# PROMPT:
Give back, word for word, only the lines from the opening of the records through the one with "正規品。FENDI フェンディ キッズ". Pictures stay out.

# GIVEN ENTRIES:
= Beginning of Section =

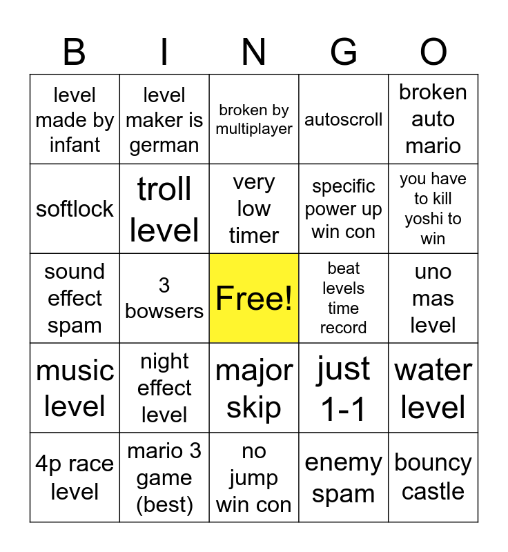 This bingo card has a free space and 24 words: night effect level, mario 3 game (best), very low timer, 4p race level, broken auto mario, level made by infant, softlock, level maker is german, beat levels time record, major skip, specific power up win con, sound effect spam, just 1-1, water level, troll level, enemy spam, uno mas level, broken by multiplayer, you have to kill yoshi to win, 3 bowsers, bouncy castle, music level, autoscroll and no jump win con.
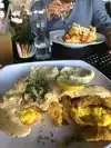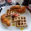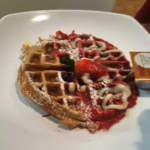 The food was good I’ll say that, but the chicken tenders were extremely salty. I had the smothered chicken & biscuits while my friend had a red velvet waffle with chicken tenders. We both experienced this lip numbing saltiness from the chicken. That was the only con! The biscuits are delicious and fluffy, the red velvet waffle is extremely flavorful and not to sweet. The staff is helpful and friendly which is while I know we will return and try other dishes.
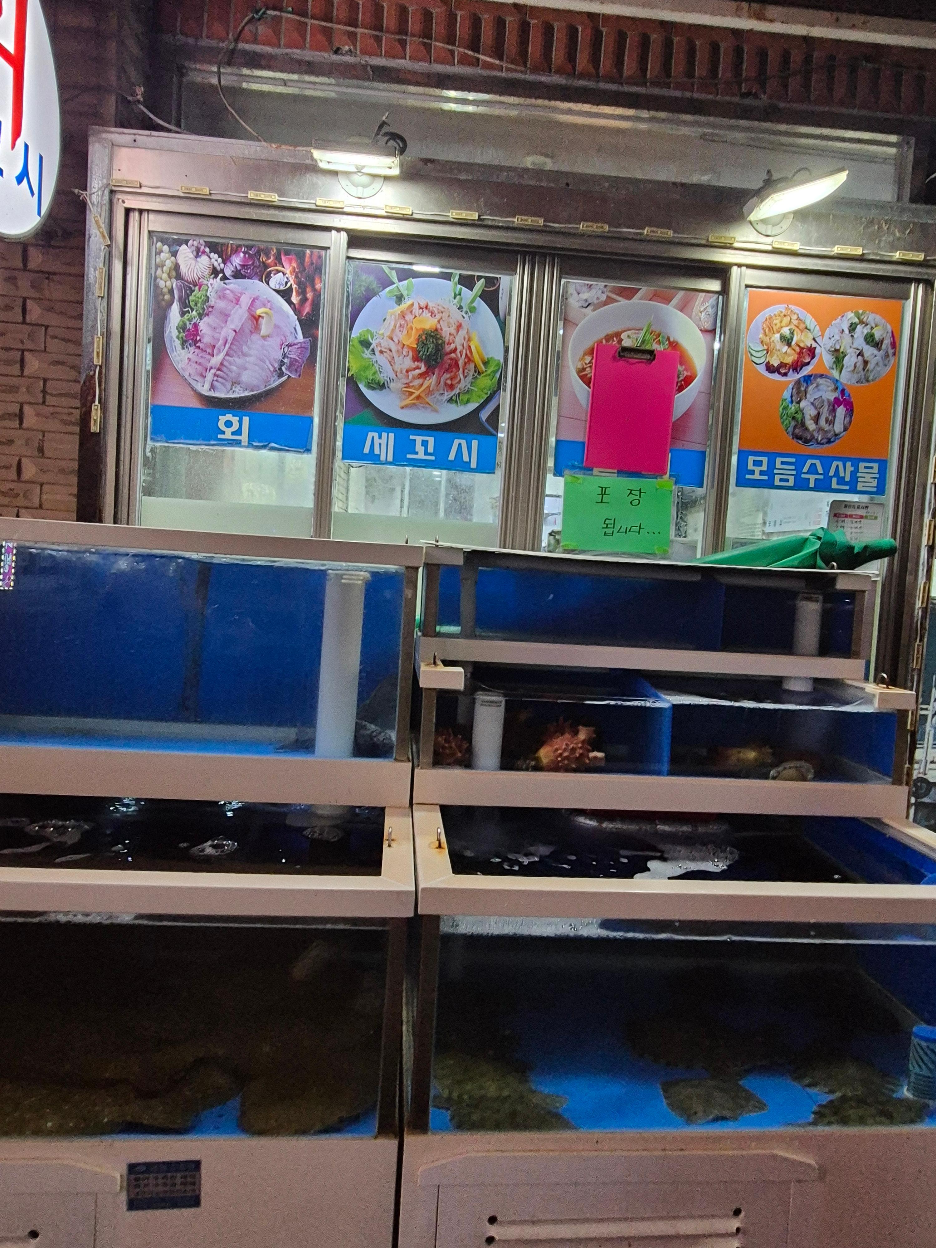 간판은 크지 않지만, 밖에서 보이는 커다란 수조와 싱싱한 활어들이 눈에 띕니다.
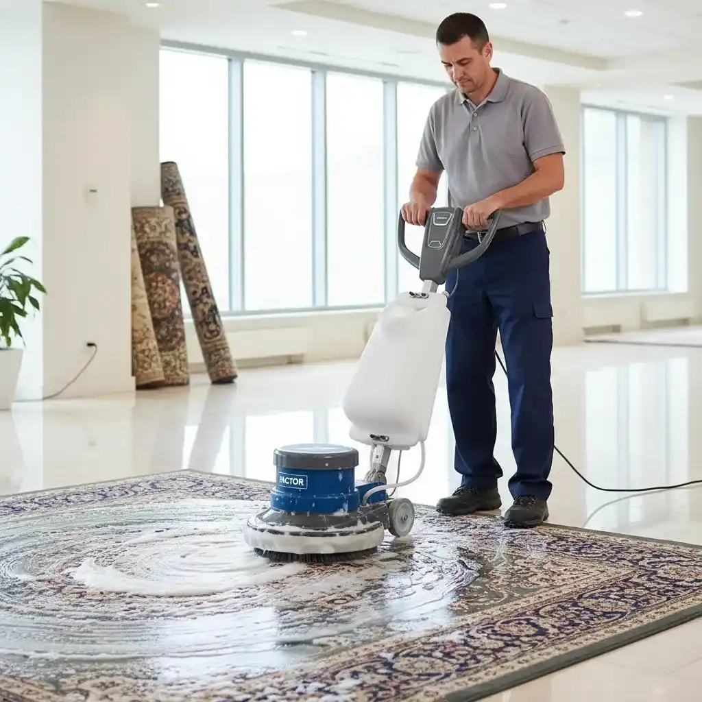 Halı yıkama işlemlerinde makineyi en düşük deterjan dozajıyla başlatın ve dairesel hareketleri içten dışa doğru genişleterek halı liflerinin her yöne taranmasını sağlayın.
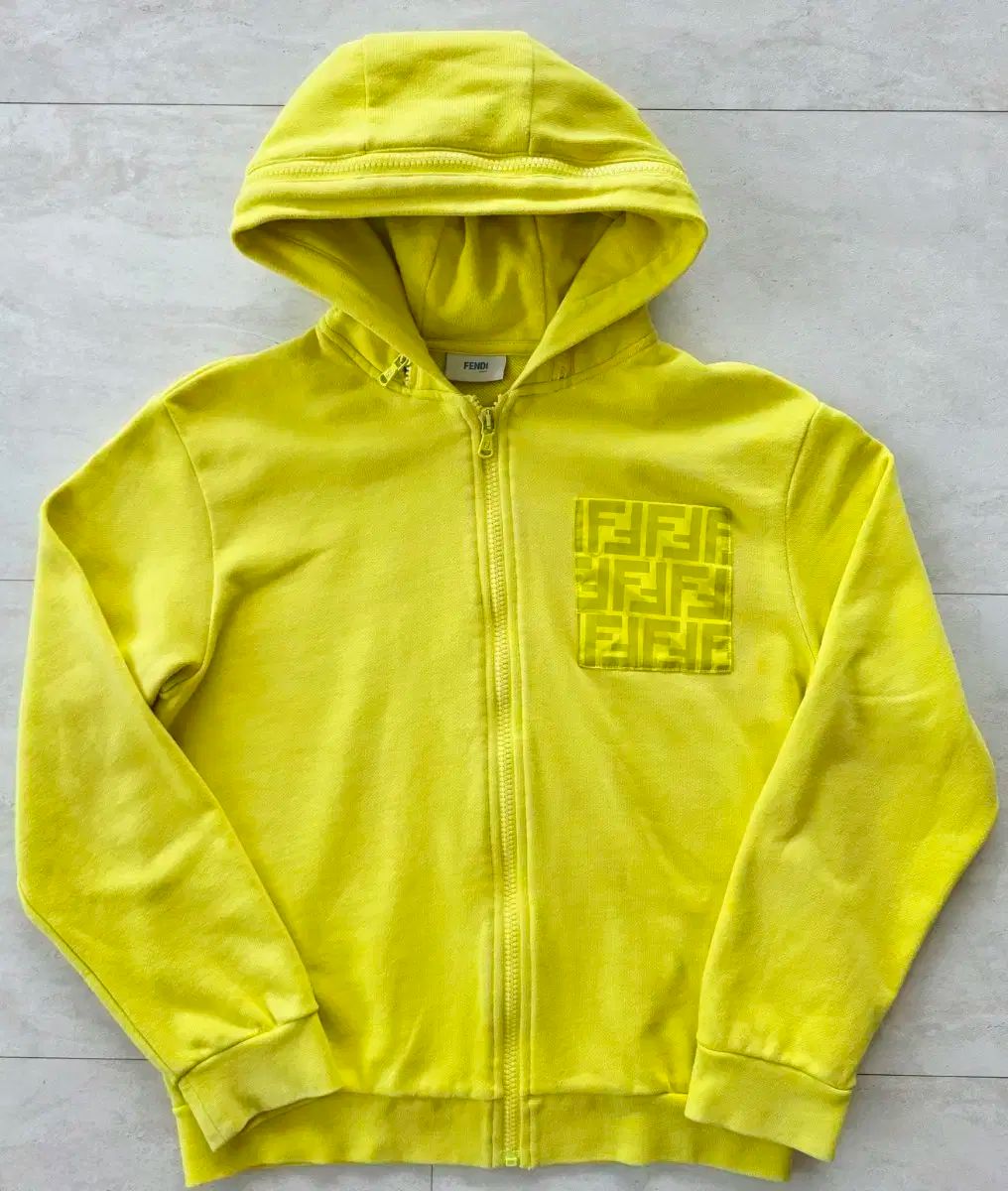 正規品。FENDI フェンディ キッズ フード ジップアップ ジャケットです。イェロー カラー。
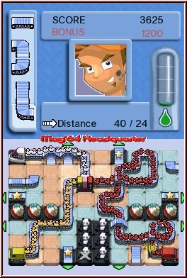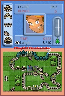 Alle Welten im Spiel haben nicht nur grafisch ein anderes Thema, sondern auch spielerisch hat das ganze einen sehr großen Einfluss auf das Gameplay. Kann man die erste Welt durchaus noch als halbes Tutorial durchgehen lassen, so kommt danach pro Welt immer was Neues im Gameplay dazu, so das es nicht langweilig wird. Logisch das man durch das Wertungssystem jedes Level so oft spielen kann wie man will. Ok schauen wir mal in die erste Welt und ich stelle euch hier zunächst mal das Gameplay in seinen Grundzügen vor. Passend zum Spiel ist die Welt 1 auch wirklich mit Rohren im herkömmlichen Sinne ausgestattet. Später wird’s noch verrückt genug. Bevor ein Level startet gibt’s die Scoregrenzen für Bronze, Silber und Gold. Wobei man sich Bronze fast hätte sparen können, da hier ein Score von 0 ausreicht. Also Bronze ist euch immer sicher. ;-) Klar abgesteckt sind die Regeln für die Screenaufteilung. Bietet der Top Screen alles mögliche an Infos und Anzeigen, so spielt sich die eigentliche Action auf dem Touch Screen ab. Sinnvoll auch deshalb weil man das ganze einmal mit der herkömmlichen Kreuz/Tasten Steuerung angehen kann, oder eben nur via Pen auf dem Touch Screen. Grundlage ist das Spielfeld, das aus 10x8 Feldern bestehen kann. Auf diesem Spielfeld gibt es einen Ausgangspunkt, einen Endpunkt und dazwischen viel Nichts oder bauliche Hindernisse. Der Anfangspunkt ist eigentlich nichts anderes als eine Art Schleuse, die thematisch in den Welten verschieden umgesetzt ist. Startet ein Level, so vergeht eine feste Zeitspanne in der erstmal nichts passiert. Ist diese Zeit runtergelaufen beginnt das sogenannte "Flooze" loszulegen. Wieder einfach gesagt dreht man den Hahn auf, Wasser fließt z.b. und sollte am besten bis zum Endpunkt fließen. Eure Aufgabe ist es nun den großen Bereich dazwischen mit Elementen zu bebauen, so dass das jeweilige Flooze ungehindert bis zum Endpunkt fließen kann. Hier kommt nun ein Art Tetris Gameplay zum Tragen. Links oben im Top Screen habt Ihr eine Teileliste, die übereinander nachrücken und euch immer ein Bauteil an die Hand geben. Die einfachsten Bauteile im Spiel können nun am Beispiel der Rohre gerade Stücke nach oben oder zur Seite sein, sowie gebogene Rohre um die Richtung zu ändern. Diese sollte man im Idealfall aneinander setzen um so nach und nach bis zum Endstück zu kommen. Soweit die einfache Theorie.

= End of Section =

# WRITTEN SOLUTION:
 This bingo card has a free space and 24 words: night effect level, mario 3 game (best), very low timer, 4p race level, broken auto mario, level made by infant, softlock, level maker is german, beat levels time record, major skip, specific power up win con, sound effect spam, just 1-1, water level, troll level, enemy spam, uno mas level, broken by multiplayer, you have to kill yoshi to win, 3 bowsers, bouncy castle, music level, autoscroll and no jump win con.
 The food was good I’ll say that, but the chicken tenders were extremely salty. I had the smothered chicken & biscuits while my friend had a red velvet waffle with chicken tenders. We both experienced this lip numbing saltiness from the chicken. That was the only con! The biscuits are delicious and fluffy, the red velvet waffle is extremely flavorful and not to sweet. The staff is helpful and friendly which is while I know we will return and try other dishes.
 간판은 크지 않지만, 밖에서 보이는 커다란 수조와 싱싱한 활어들이 눈에 띕니다.
 Halı yıkama işlemlerinde makineyi en düşük deterjan dozajıyla başlatın ve dairesel hareketleri içten dışa doğru genişleterek halı liflerinin her yöne taranmasını sağlayın.
 正規品。FENDI フェンディ キッズ フード ジップアップ ジャケットです。イェロー カラー。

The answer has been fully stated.